Offline reinforcement learning

Lead Research Organisation: University of Warwick
Department Name: Mathematics

Abstract

The context of the research *
Offline deep reinforcement learning (offline-DRL), uses a static data set to optimize sequential decision-making in an environment by using a data-driven formulation (Levine et al., 2020). Mathematically, the environment is described as a Markov decision process, and the goal is to maximize the long-term reward (Sutton and Barto, 2018). Offline-DRL can be more useful than (online) DRL when collecting new data is time-consuming, expensive and/or dangerous. However
offline-DRL does generate new challenges, such as selecting actions that are not known in the data set (known as extrapolation error or distributional shift) (Fujimoto et al., 2019). Offline-DRL can be seen as a version of off-policy DRL
where there is no longer an interaction with the environment. Simply manipulating state-of-the-art off-policy (online) algorithms such as deep deterministic policy gradient (DDPG) (Lillicrap et al., 2015) and soft actor-critic (SAC) (Haarnoja et al., 2018) and removing their exploration capabilities, causes overfitting (Fu et al., 2019) and issues with out-of-distribution actions (Kumar etal., 2019). Many approaches to date use a variational auto-encoder (VAE) (Kingma and Welling, 2013) to sample transitions from the same distribution as the given data set. To alleviate the problems of overfitting and distributional shift, many algorithms focus on adapting existing model-free and model-based algorithms to the offline setting using ensemble techniques (Agarwal et al., 2020), policy constraints (Siegel et al., 2020) and conservative estimation of action quality (Kumar et al., 2020). These algorithms do not completely solve the problem however, and there can be much improvement to be made in terms of performance of the extracted policy. A successful algorithm is based on how much it can improve on the underlying behaviour policy of the data; this can lead to improving on what is considered expert decision making policies, e.g. long-term treatment planning. From a recent review (Nguyen and La, 2019), previous methods using DRL for robotics have mostly been online methods, and there is a need for more efficient
algorithms and methods. Directly applying DRL to real-world robotics requires a suitable reward system in place as well as an efficient DRL method (Zhu et al., 2020). Robotics is an excellent application for offline-DRL as there are large data
sets available of robots performing different tasks. This means that offline-DRL could be an efficient way of learning new tasks without the potentially expensive costs of attaining more data.

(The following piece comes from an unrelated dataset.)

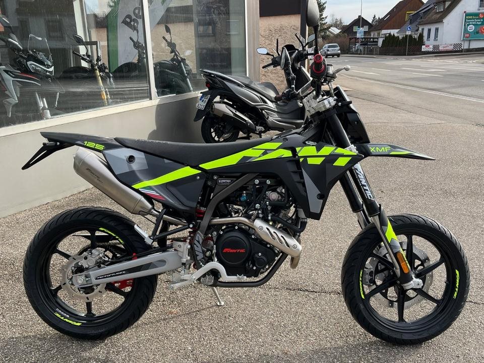Neufahrzeug Modell 2025 mit ABS vom Vertragshändler mit Werksgarantie, die bei allen Vertragshändlern gültig ist.____________________________________________Wir liefern Ihr Motorrad für 79 € bis 50km & 149 € bis 100km (einfache Fahrtstrecke).Über 100 km innerhalb Deutschlandes, ausgenommen der Inseln, für 245€.______________________________________________XMF 125 Competition: 5.490,- €XMF 125 Performance: 4.990,- €zzgl. 150€ NebenkostenSonderfinanzierung auch ohne Anzahlung möglich.Für mehr Informationen oder einer individuellen Beratung kommen Sie gerne persönlich bei uns vorbei oder besuchen Sie uns im Internet.Scherzer GmbHCrailsheimer Str. 1491555 FeuchtwangenTel: 09852/67660MOTORHomologation: Euro 5Motor: 1 Zylinder 4-Takt, flüssigkeitsgekühlt Leistung :11 kW (15 PS) bei 9.750 U/minDrehmoment: 11,8 Nm bei 6.750 U/minHubraum: 124,66 ccBohrung: 52,0 mmHub:58,7 mmGemischsteuerung: eine obenliegende Nockenwelle, 4 Ventile, variable SteuerzeitenEinspritzung: Drosselklappe ø30 mmStarter: ElektrischGetriebe: 6-GangKupplung: Mehrscheibenölbad, Anti-HoppingAuspuff: ARROW KomplettanlageVerbrauch: 1,8 l/100 kmCO2 Emission: 43 g/kmFAHRWERKRahmen: Perimeter CrMo-StahlrohrRahmenheck: Stahlrohr, demontierbarSchwinge: Stahlrohr, progressiv angelenktBereifung: 100/80-17, 130/70-17Felgen: Aluminium, schwarz eloxiertBremsen: "Wave"-Scheibe ø320 mm - "Wave" - Scheibe ø220 mm, CBSGabelbrücken: Aluminium geschmiedetFederung vorne: FANTIC ø41 mm USD GabelFederung hinten: FANTIC FRS 125 Federbein Federvorspannung einstellbarLenker: ø22 mm StahlrohrABMESSUNGEN / DIMENSIONENLänge: 2110 mmSitzhöhe: 880 mmRadstand: 1435 mmGewicht fahrbereit: 119 kgTankinhalt: 7,5 lIrrtümer, Änderungen und Zwischenverkauf vorbehalten!

The proposed research aims to review the current existing offline deep reinforcement learning (DRL) algorithms by implementing them in code, to see how they work and where they are no longer viable. This will involve a comprehensive literature review into the current state-of-the-art model-free and model-based offline DRL algorithms exploring their strengths and weaknesses. With the knowledge of current state-of-the-art algorithms, the next step will be to
improve and develop these algorithms with the goal of creating our own novel offline DRL algorithm. This will involve having a fundamental grounding in mathematics as well as implementing and publishing the algorithm in code (Python).
The novel algorithm will be evaluated against current offline methods using standard datasets (D4RL). On successfully exceeding current algorithms, our novel algorithm will then be used towards a real-world application in robotics.
This will involve devising a suitable reward design and collaborating with the partner to understand the capabilities of the robot.
This research falls into the "Artificial intelligence technologies" remit. The research will advance the algorithms involved in offline deep reinforcement learning with a focus on leveraging hardware advances and unlocking new mission-critical applications.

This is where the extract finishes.